El tercer resultado posible de una regulación integral de la IA, no excluyente del segundo punto, es que el Congreso sea demasiado duro, sofoque la innovación nacional y transfiera la ventaja tecnológica a nuestros adversarios. Este sería el peor resultado de todos, porque la IA tiene la capacidad no sólo de dinamizar la economía, sino también de revolucionar la seguridad nacional, y la carrera está entre EEUU, China, Rusia y otros para tomar la delantera.
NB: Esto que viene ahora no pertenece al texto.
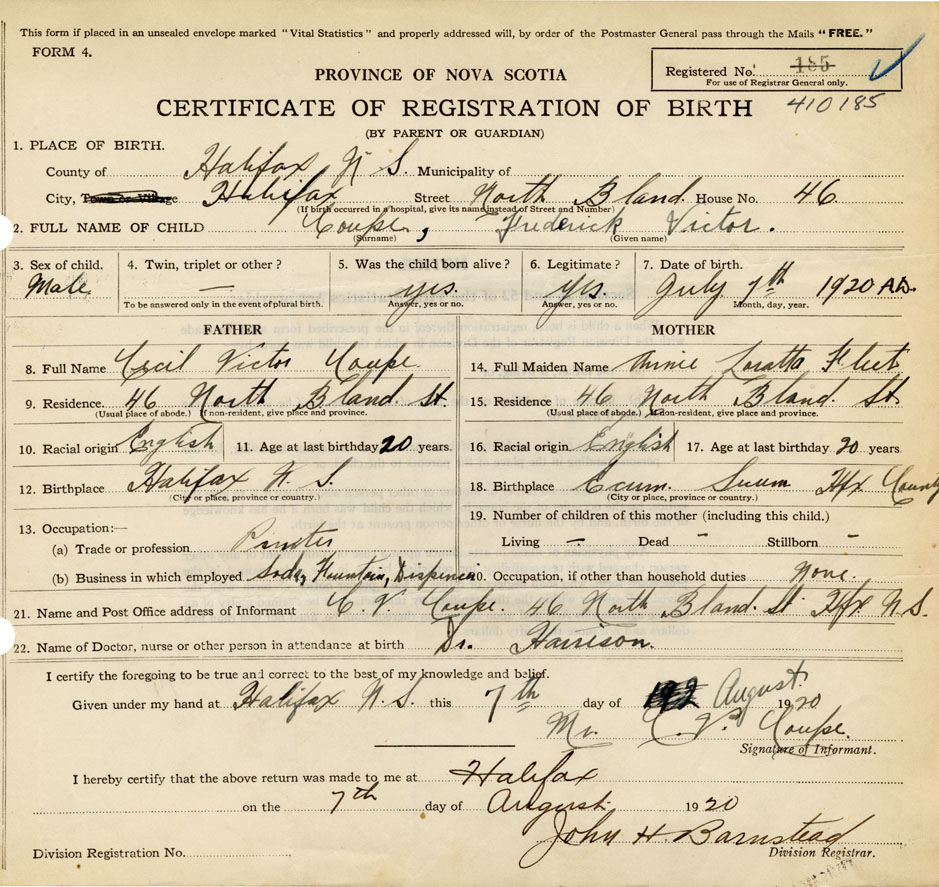 21. Name and Post Office address of Informant C. V. Coupe 46 North Bland St., Halifax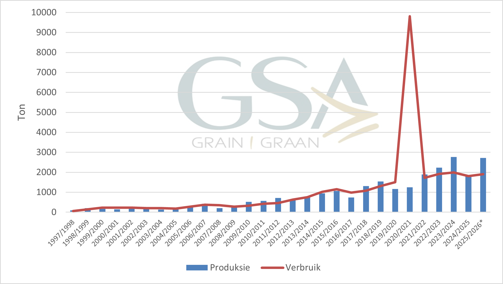 Die Suid-Afrikaanse sojaboonmark het in groot mate eers sedert 2012 tot sy reg begin kom. Suid-Afrika was tradisioneel nie ’n groot sojaboonprodusent nie en het gemiddeld minder as 100 000 ton per jaar geproduseer. Nie net was die produksie laag nie, die verwerkingskapasiteit was ook minimaal. Die plaaslik geproduseerde sojabone is altyd uitgevoer – net sodat sojaboonoliekoek, wat as proteïenbron in veevoer gebruik word, weer ingevoer kon word. Aangesien daar plaaslik ’n goeie vraag na sojaboonolie en -oliekoek is, is baie geleenthede vir uitbreiding in die plaaslike sojaboonmark geskep. Sedert die 2012-seisoen is daar begin om hierdie geleenthede te ontsluit en die plaaslike sojaboonmark het sedertdien sterk gegroei, beide in terme van produksie en verbruik. Grafiek 1 toon die plaaslike sojaboonproduksie en -verbruik sedert die 2000/2001-seisoen.

Imaginemos un mundo en el que el Ejército Popular de Liberación esté meses o incluso años por delante del Pentágono en el ámbito de la IA. Estaríamos a merced de las campañas de influencia, la manipulación del mercado y la interferencia electoral de la próxima generación. Y en caso de conflicto, nuestros hombres y mujeres de las fuerzas armadas estarían en una grave desventaja táctica. No digo esto para asustar a la gente, sino para aclarar lo que está en juego y cuánto podría costarnos el implementar una legislación demasiado apresurada.
Repito una vez más, este no es un argumento en contra de la regulación total. La IA es como cualquier innovación tecnológica en nuestra historia: la medida en que la IA causa el bien en vez del mal depende de los límites dentro de los cuales la sociedad le permite desarrollarse. Pero en esta etapa inicial, sería una tontería pensar que estamos cerca de tener la última palabra sobre el tema, o que sería beneficiosa para EEUU. En pocas palabras, tenemos que saber qué juego estamos jugando antes de poder escribir sus reglas a nuestro favor.
Hay algunos próximos pasos de sentido común, como prohibir las transferencias de tecnología y las empresas conjuntas con adversarios extranjeros, como China o tal vez exigir la divulgación de contenido generado por IA. Más allá de eso, sin embargo, deberíamos dejar la “velocidad de la luz” a los informáticos y trabajar como pretendían nuestros Padres Fundadores: cuidadosa y metódicamente. Puede que no sea eficiente, pero no requiere pretensión y mantiene a raya consecuencias drásticas no deseadas.